To the creators of some of my favorite games: thank you.
Disclaimer: The rest of this “letter” to Nintendo will be more of an explanation of my gratitude on behalf of my readers. I think the two words I’ve offered are more than enough for the creators of Animal Crossing and so many more games to understand how much of an impact they’ve had on my life.
Due to some personal choices, mental health issues and unfortunate circumstances, I didn’t have much of a childhood between the ages of six and 12. Here’s the short version.
In first grade, I had my first run-in with anxiety, and my parents took me out of my private Christian elementary school. My mom began homeschooling me and would continue to do so until I made the decision to go to public school in seventh grade. As you can imagine, making friends as a child isn’t easy when you’re homeschooled. Although my mom took me to events and clubs for homeschooled kids and even helped me get involved in Girl Scouts, I still struggled to make friends because of my anxiety, shyness and social anxiety. Honestly, during that time, I really only had one friend.

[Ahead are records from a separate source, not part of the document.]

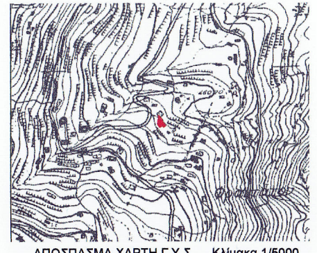
ΑΠΟΣΠΑΣΜΑ ΧΑΡΤΗ Γ.Υ.Σ. Κλίμακα 1/5000
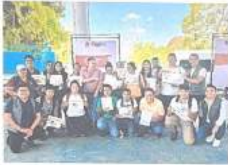
Ilustración 6 Caravana del Bienestar en la comunidad de Pucte 28/03/2023
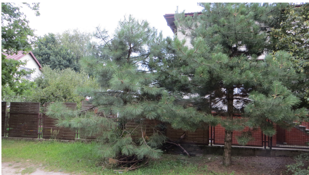
Fot. 7 Od prawej: drzewa nr 13, 14
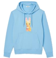
SHPSW00571 E23BUNNY HOODIE 195€ / 131€ €219 / £147
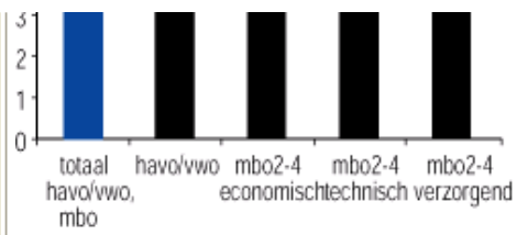
Figuur 2. Gemiddelde baanzoekduur van mbo/havo/vwo-ers naar richting, 1999-2001, in maanden
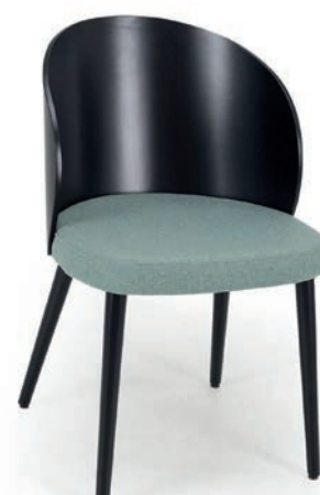
FLYNN SESSEL S + R gepolstert wenge FLORENCE 19
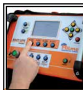
Panel de control con GPS
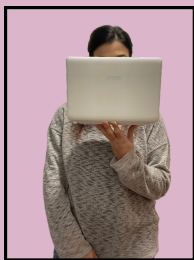
Aina Professora d'informàtica
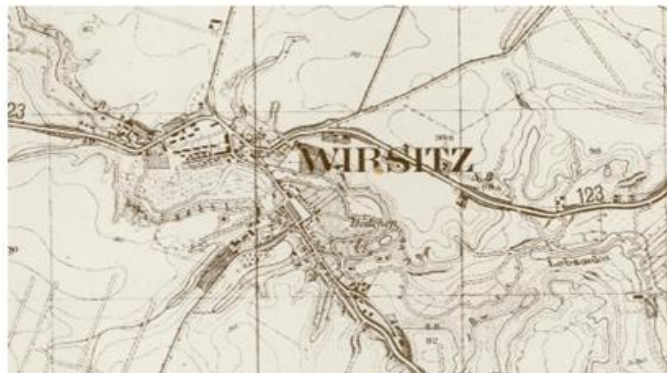
Ryc. 3. Wyrzysk w 1944 r.

Miasto na dzień 25.10.2016 r. posiadało 5 186 mieszkańców, w tym 83 mieszkańców czasowych.
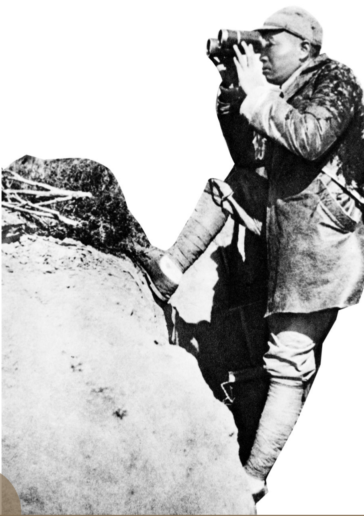
彭德怀在“百团大战”时指挥作战

黄土岭战斗，是1939年11月八路军在华北敌后抗日根据地涞源、易县交界山区取得的一次反“扫荡”的辉煌胜利。此次战斗击毙了日本素有“名将之花”称誉的阿部规中将。击毙这样的日军高级指挥官，在华北战场还是第一次，在中国人民的抗战史上也是第一次。这一战役，一扫侵华日军之骄横，震惊了日本朝野，沉重打击了侵华日军的嚣张气焰，极大地鼓舞了全国军民的抗战士气。
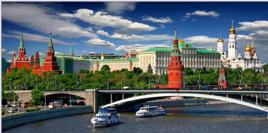
Aussichten von der Moskwa aus
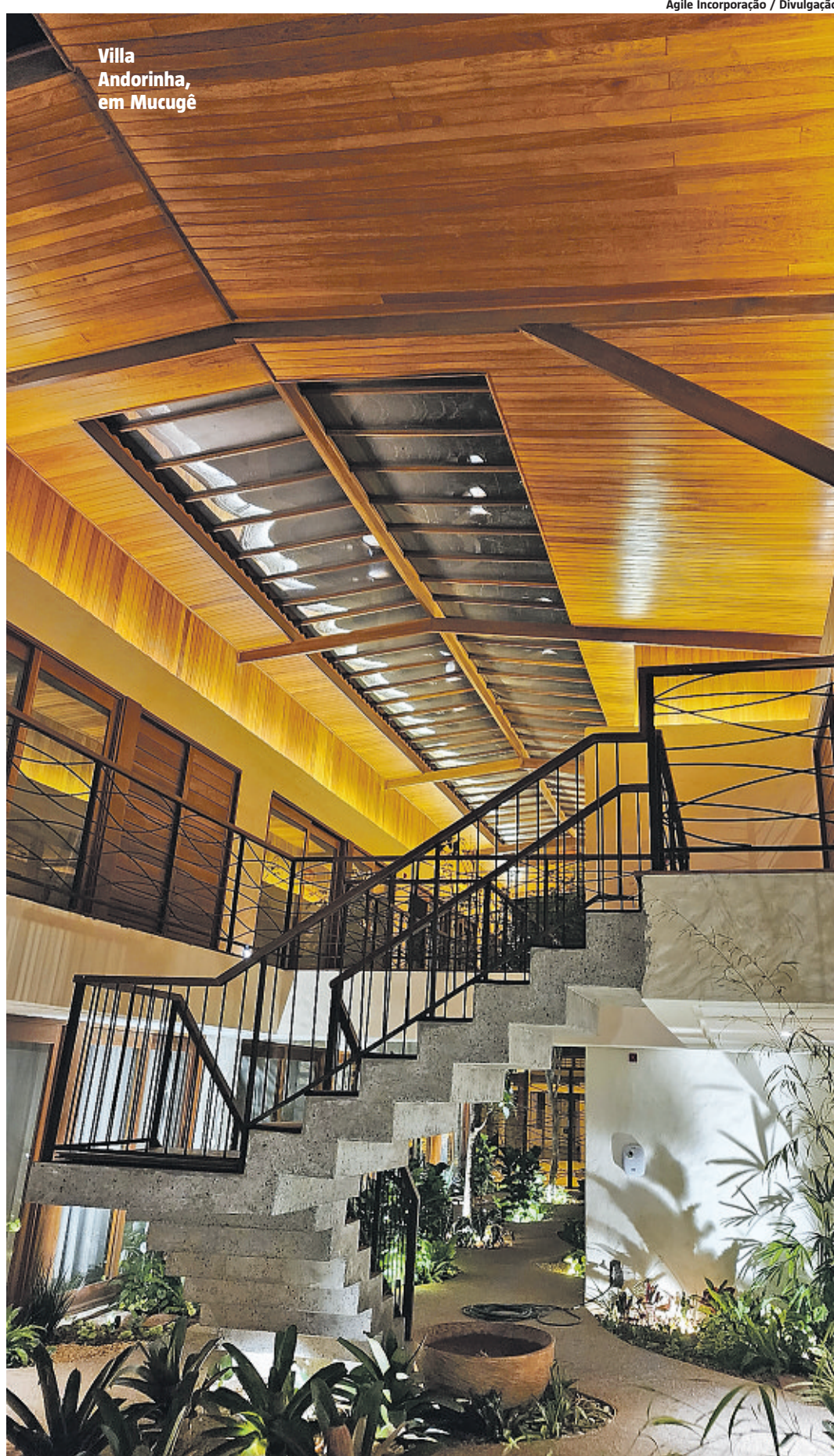
Villa Andorinha, em Mucugê

Como consequência do crescimento imobiliário na Chapada Diamantina, o consultor imobiliário ressalta que projetos e investimentos em paralelo estão surgindo, a exemplo do estudo para a criação de uma marina na

During my homeschooling years, my grandmother on my mom’s side was diagnosed with brain, breast and lung cancer. Of course, it was up to my mom and her two sisters to take care of her, and, being too young to stay home alone while my dad worked, I usually had to go to all of my Nana’s appointments and treatments. Whenever we weren’t taking her to check in with her doctors or to have chemotherapy and radiation treatments, we were usually staying at her house so my mom could take care of her and help her with anything she needed. Since my two aunts had jobs to do, my mom was often with her more than anyone, and that meant I was, too.
Okay, so, all this is to say that I didn’t have much of a childhood during these six years. I don’t fault anyone for it, and I’m really not upset about it. I kept myself entertained—typically with video games or books—because I knew what my mom was doing was important.

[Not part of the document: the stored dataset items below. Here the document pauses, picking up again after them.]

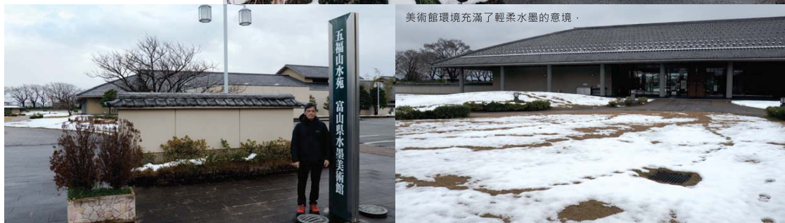
美術館環境充滿了輕柔水墨的意境。
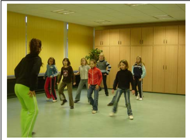
< die Trainerin und die Mädchen beim Training
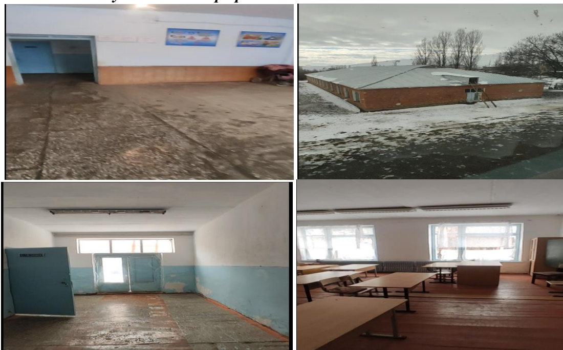
Рисунок 3. Фотографии объекта в с. Ак-Тоок
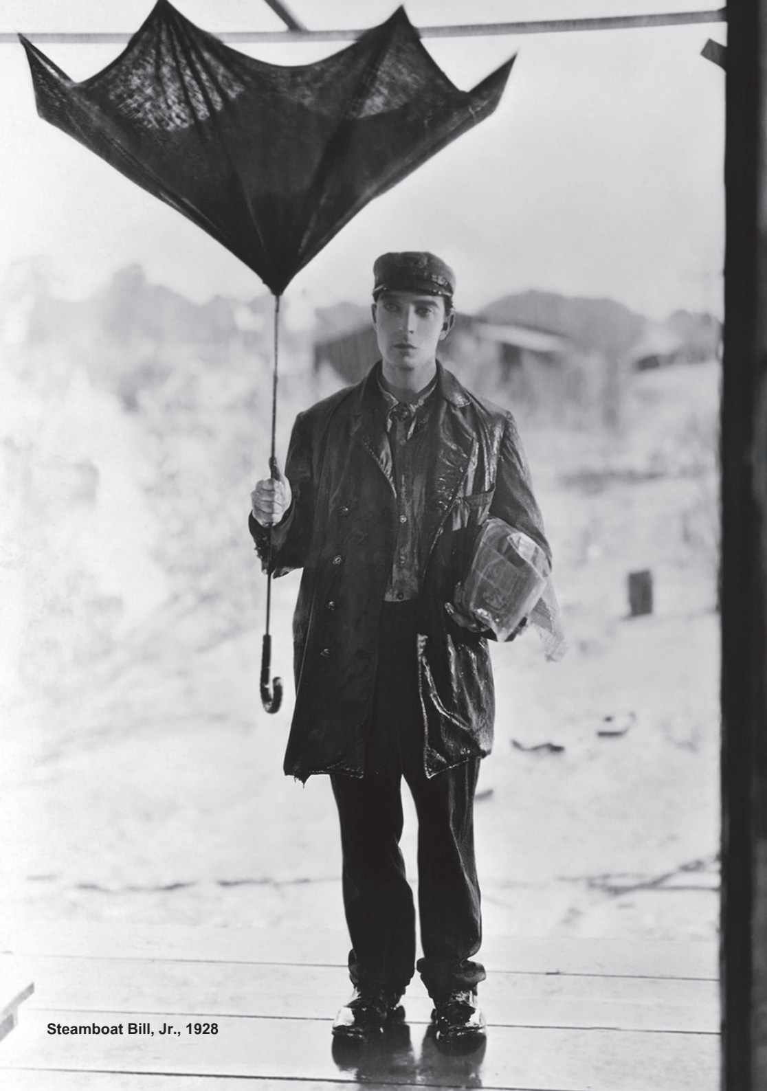
Steamboat Bill, Jr., 1928
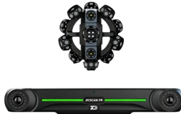
（ZCSCAN-TR70 无线跟踪式三维扫描仪图片）
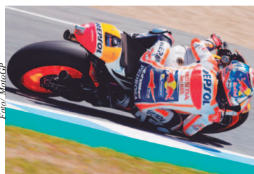
Dani Pedrosa (26) não deu chances aos adversários

Festa totalmente espanhola no Grande Premio da Espanha de Motovelocidade. Em todas as categorias o vencedor foi um hispânico. A Ducati fez festa para Lorenzo que obteve o 3º posto, no dia de seu aniversário. Foi o primeiro pódio do piloto na sua 4ª prova pela nova equipe. Dani Pedrosa, o vencedor, se coloca como um sério candidato ao título. O piloto, apesar de ser piloto da Honda oficial e estar há 11 anos na categoria nunca conquistou um na categoria principal. Página 6
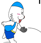
キャプテンわん © ゆず華・(公財)横浜市スポーツ協会
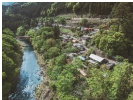
沿線まるごとホテル(奥多摩の集落)
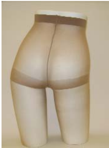
リニューアルタイプ
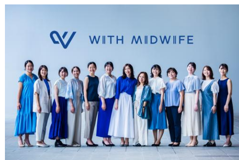
【オンラインを駆使し助産師に新しい働き方を提案】
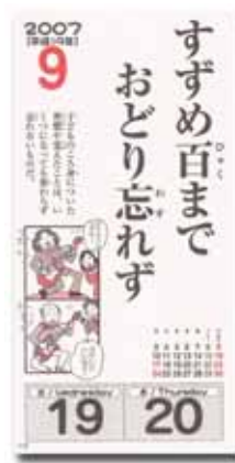
No.2 ことわざカレンダー

Anyone who knows me knows that both books and video games are important to me, but most people probably don’t know exactly why. They both provided things that I never had as a kid: friendship and adventure. Reading books let me go on adventures that I never imagined possible. I experienced Hogwarts with Harry, Ron and Hermione, and I went on so many adventures with so many other characters in so many other worlds. I even received a special book from my grandmother that will always be special to me: “A Little Princess.”
Alright, that’s all fine and good and lovely and emotionally charged, but what does any of this have to do with Nintendo? When I was around seven, I got a GameCube for Christmas. Later that year, I got a copy of Animal Crossing: Population Growing—the first game in a series I fell in love with and still play to this day. When I was around nine years old, around a year before my grandmother got diagnosed with brain cancer, I received a Nintendo DS and a copy of Animal Crossing: Wild World, the second game in the same series. Having owned a GameBoy Advance, portable video games weren’t exactly mind-blowing to me, but being able to take my Animal Crossing town and villagers with me was absolutely amazing.

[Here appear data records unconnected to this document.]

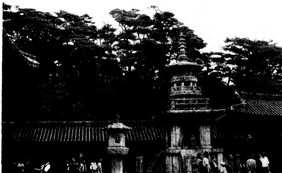
◀ 불국사 다보탑과 회랑 뒷편의 소나무 숲

뜻이 있다. 도산서원 유물관이 제 기능을 하려면 주차장 한쪽 넓은 터에 지어놓고 퇴계의 생애와 사상을 담은 기록을 먼저 보여주고 그 다음에 여유롭게 서당과 서원, 원림을 보여주어야 제대로 답사를 할 수 있다.’
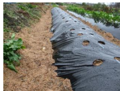
▲チップ化した竹を畑に散布
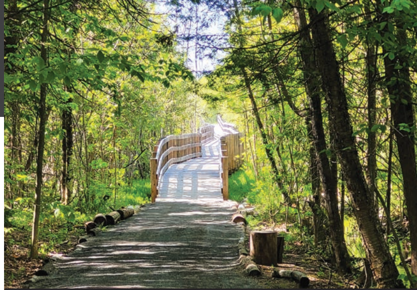
Aménagement et mise en valeur du futur parc de la Forêt-Boucher
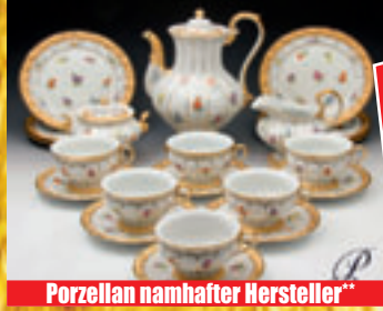
Porzellan namhafter Hersteller**
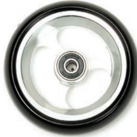
Aluminium silber 3", 4", 5"
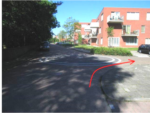
...de eerste straat rechtsaf...
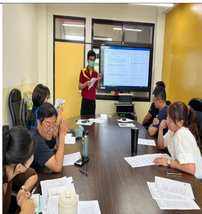
照片說明：各年級、各領域進行討論與分析。
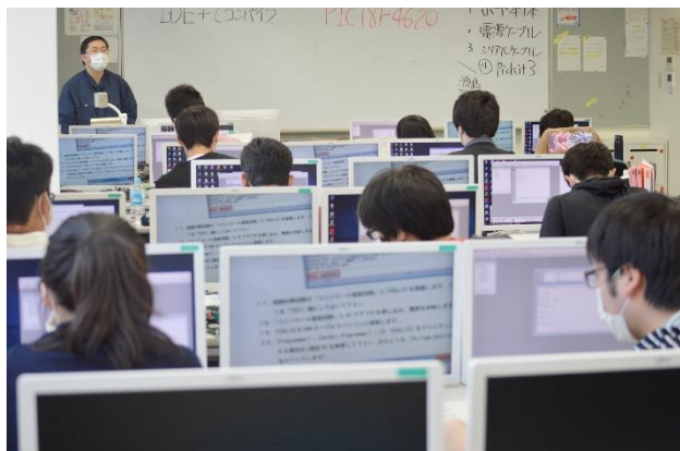
待ちに待った授業再開。

学生たちは大変ですが、しっかりと技能・技術を身に付けられるよう支援していますのでみんなで一緒に頑張りましょう！
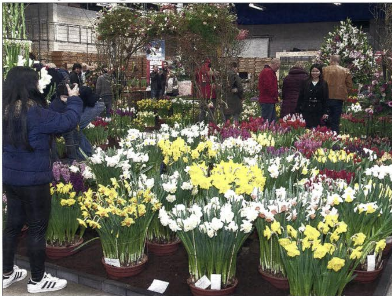
Kleurrijke opstelling van huisbroei- en bloemententoonstelling Lenteflora in het gebouw van Hobaho.

If you aren’t familiar with the Animal Crossing series, it’s basically a game in which your character lives in a small town full of anthropomorphic animal villagers (it's not as scary as it sounds) with whom you become friends. It’s essentially a life simulation game complete with a town museum to which you can donate bugs and fish you catch and fossils and artwork you find all over town. You interact with the animals, do favors for them and get rewarded, send and receive letters and basically develop friendships with them over time. You can dress any way you like, have any color hair you like and express yourself any way you like. You even have a home to decorate (and a mortgage to pay off as your home expands)!
Now, this may sound like a childish, boring game to those who have never played (or just aren’t into casual games), but to me, it was my childhood. It let me have friendships deeper than any I had ever known, and it let me experience things I had never experienced. It gave me an escape when things weren’t going well, and it let me share my happiness when things were going exceptionally well. It let me express myself without any fear of judgment! This game was something that I could take with me to my Nana’s house, to her appointments and really anywhere! Not only did it keep me from being bored while we were out, it gave me friends to talk to and things to do while I was going through these difficult times in my life. On top of that, once I started school and made real (read as: human) friends, I could play this game with them. Even now, this series is still very prominent in my life and allows me to escape from daily life (and the upcoming election), and it gives me a way to bond with friends I may not be able to see on a regular basis. The Animal Crossing series sparked my love of video games and helped me find a hobby that has become such an important part of my life, and I can’t thank Nintendo enough for what their creations have done for me.